REQUIRED ACTION —
Exactly the lines from the one containing "Ob Sie eine" through the one containing "Wählen Sie <Vorrang" in the listing below are to be copied, with the pictures left out.

DATA EXTRACTS —
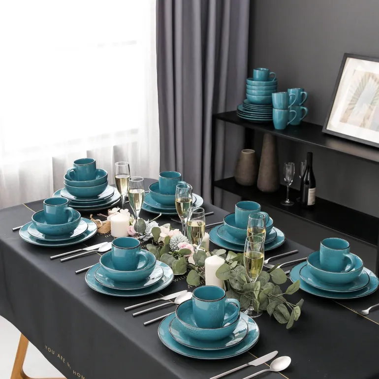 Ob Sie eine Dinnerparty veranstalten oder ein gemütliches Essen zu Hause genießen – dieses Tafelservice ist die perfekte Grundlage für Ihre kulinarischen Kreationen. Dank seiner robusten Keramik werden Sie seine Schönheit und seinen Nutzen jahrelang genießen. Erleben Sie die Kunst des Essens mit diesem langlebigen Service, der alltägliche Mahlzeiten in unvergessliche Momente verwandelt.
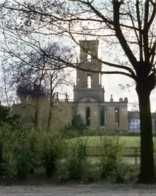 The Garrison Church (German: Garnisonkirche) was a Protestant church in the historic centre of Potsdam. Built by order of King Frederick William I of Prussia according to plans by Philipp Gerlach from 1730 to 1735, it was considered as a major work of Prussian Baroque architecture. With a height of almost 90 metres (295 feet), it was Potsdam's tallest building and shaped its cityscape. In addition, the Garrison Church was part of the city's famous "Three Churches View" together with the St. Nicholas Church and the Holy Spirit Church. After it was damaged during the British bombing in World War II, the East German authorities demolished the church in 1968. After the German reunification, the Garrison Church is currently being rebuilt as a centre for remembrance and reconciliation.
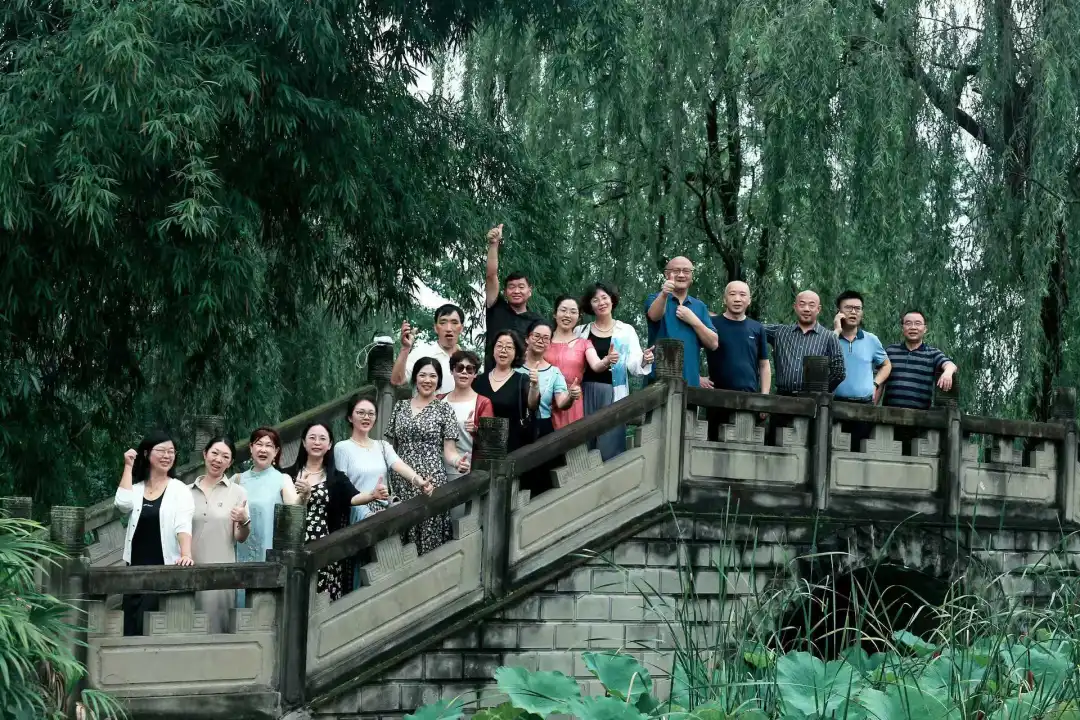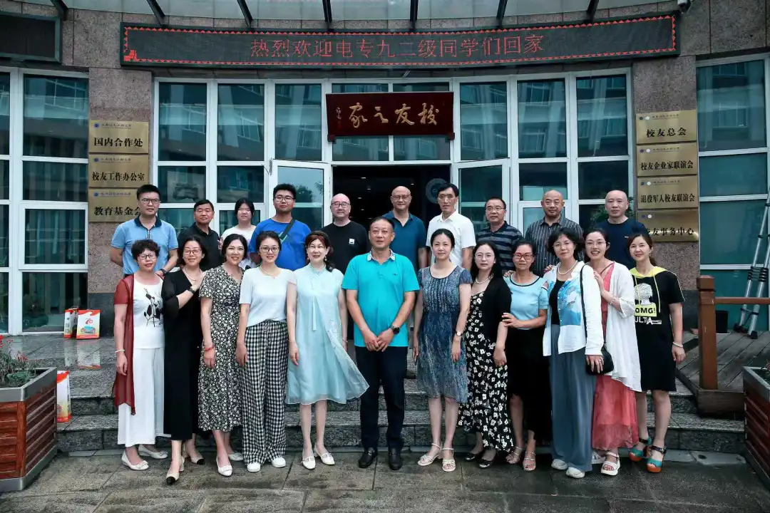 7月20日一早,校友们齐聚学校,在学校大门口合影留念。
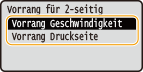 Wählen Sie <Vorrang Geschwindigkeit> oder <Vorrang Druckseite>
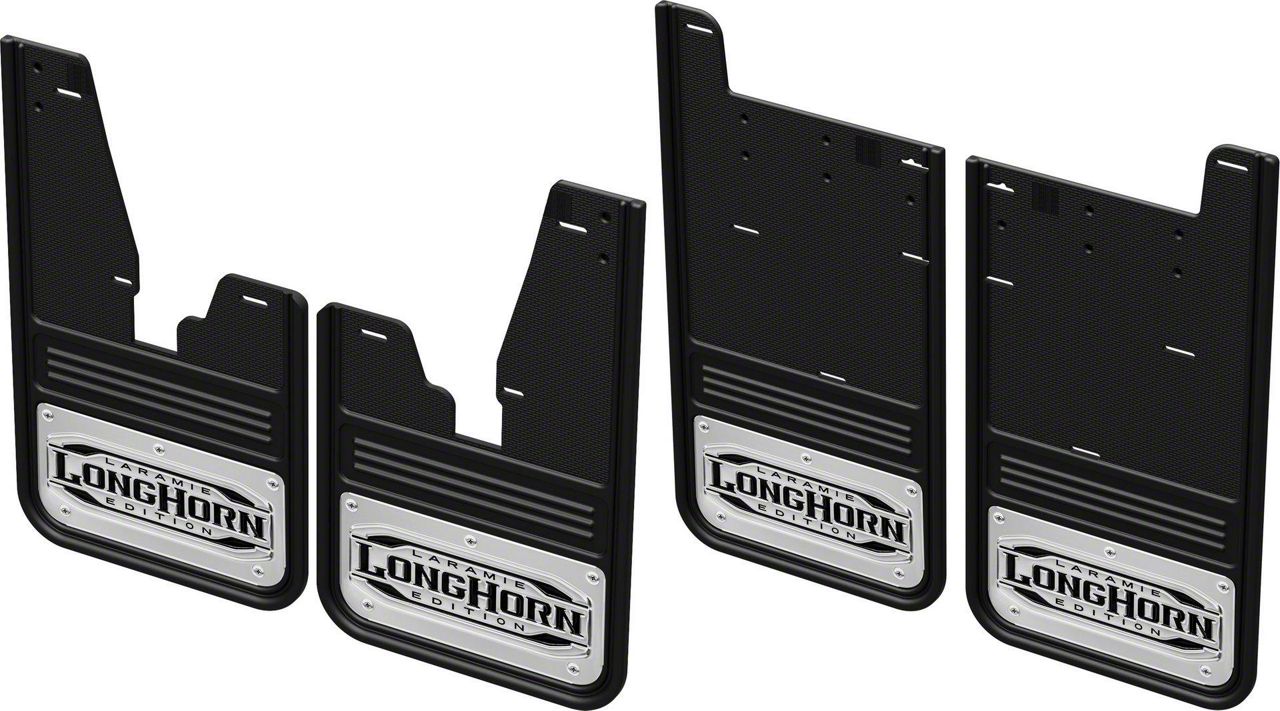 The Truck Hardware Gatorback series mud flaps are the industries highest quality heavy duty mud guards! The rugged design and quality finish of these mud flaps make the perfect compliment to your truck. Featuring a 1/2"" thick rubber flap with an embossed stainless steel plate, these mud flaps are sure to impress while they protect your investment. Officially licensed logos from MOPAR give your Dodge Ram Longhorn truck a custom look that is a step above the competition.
--
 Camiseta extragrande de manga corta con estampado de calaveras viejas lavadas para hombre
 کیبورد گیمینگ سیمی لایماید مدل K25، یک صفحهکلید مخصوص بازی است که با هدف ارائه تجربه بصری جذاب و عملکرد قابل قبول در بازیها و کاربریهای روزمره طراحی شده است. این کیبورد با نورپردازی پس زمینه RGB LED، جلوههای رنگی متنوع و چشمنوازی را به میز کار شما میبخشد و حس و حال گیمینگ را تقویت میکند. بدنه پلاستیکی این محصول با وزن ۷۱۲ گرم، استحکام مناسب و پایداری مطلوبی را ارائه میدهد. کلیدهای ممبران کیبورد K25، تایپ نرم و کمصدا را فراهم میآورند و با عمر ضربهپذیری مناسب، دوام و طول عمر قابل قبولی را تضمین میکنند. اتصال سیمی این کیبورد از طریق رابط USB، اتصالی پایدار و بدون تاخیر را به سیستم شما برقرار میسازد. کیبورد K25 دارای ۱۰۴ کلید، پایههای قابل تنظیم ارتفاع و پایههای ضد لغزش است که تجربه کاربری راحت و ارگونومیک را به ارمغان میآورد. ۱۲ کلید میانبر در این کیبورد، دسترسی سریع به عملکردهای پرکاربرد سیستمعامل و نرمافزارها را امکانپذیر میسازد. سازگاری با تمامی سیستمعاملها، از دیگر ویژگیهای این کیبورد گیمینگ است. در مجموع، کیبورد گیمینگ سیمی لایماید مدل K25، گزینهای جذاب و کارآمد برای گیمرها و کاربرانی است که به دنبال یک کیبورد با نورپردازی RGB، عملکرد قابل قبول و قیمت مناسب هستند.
---
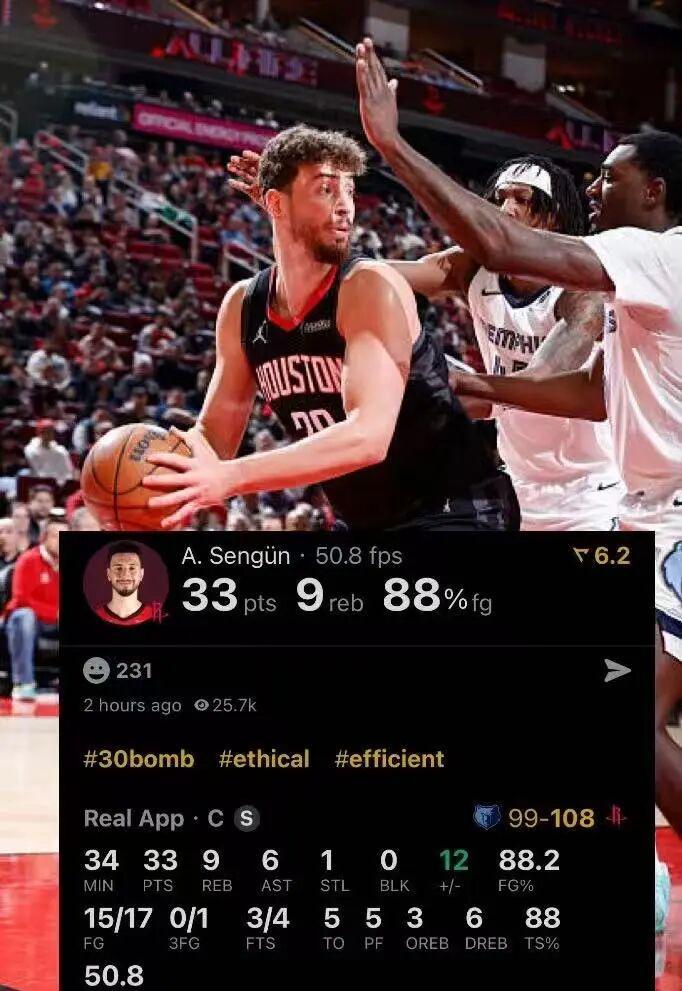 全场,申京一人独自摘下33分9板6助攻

EXERCISE RESULT —
 Ob Sie eine Dinnerparty veranstalten oder ein gemütliches Essen zu Hause genießen – dieses Tafelservice ist die perfekte Grundlage für Ihre kulinarischen Kreationen. Dank seiner robusten Keramik werden Sie seine Schönheit und seinen Nutzen jahrelang genießen. Erleben Sie die Kunst des Essens mit diesem langlebigen Service, der alltägliche Mahlzeiten in unvergessliche Momente verwandelt.
 The Garrison Church (German: Garnisonkirche) was a Protestant church in the historic centre of Potsdam. Built by order of King Frederick William I of Prussia according to plans by Philipp Gerlach from 1730 to 1735, it was considered as a major work of Prussian Baroque architecture. With a height of almost 90 metres (295 feet), it was Potsdam's tallest building and shaped its cityscape. In addition, the Garrison Church was part of the city's famous "Three Churches View" together with the St. Nicholas Church and the Holy Spirit Church. After it was damaged during the British bombing in World War II, the East German authorities demolished the church in 1968. After the German reunification, the Garrison Church is currently being rebuilt as a centre for remembrance and reconciliation.
 7月20日一早,校友们齐聚学校,在学校大门口合影留念。
 Wählen Sie <Vorrang Geschwindigkeit> oder <Vorrang Druckseite>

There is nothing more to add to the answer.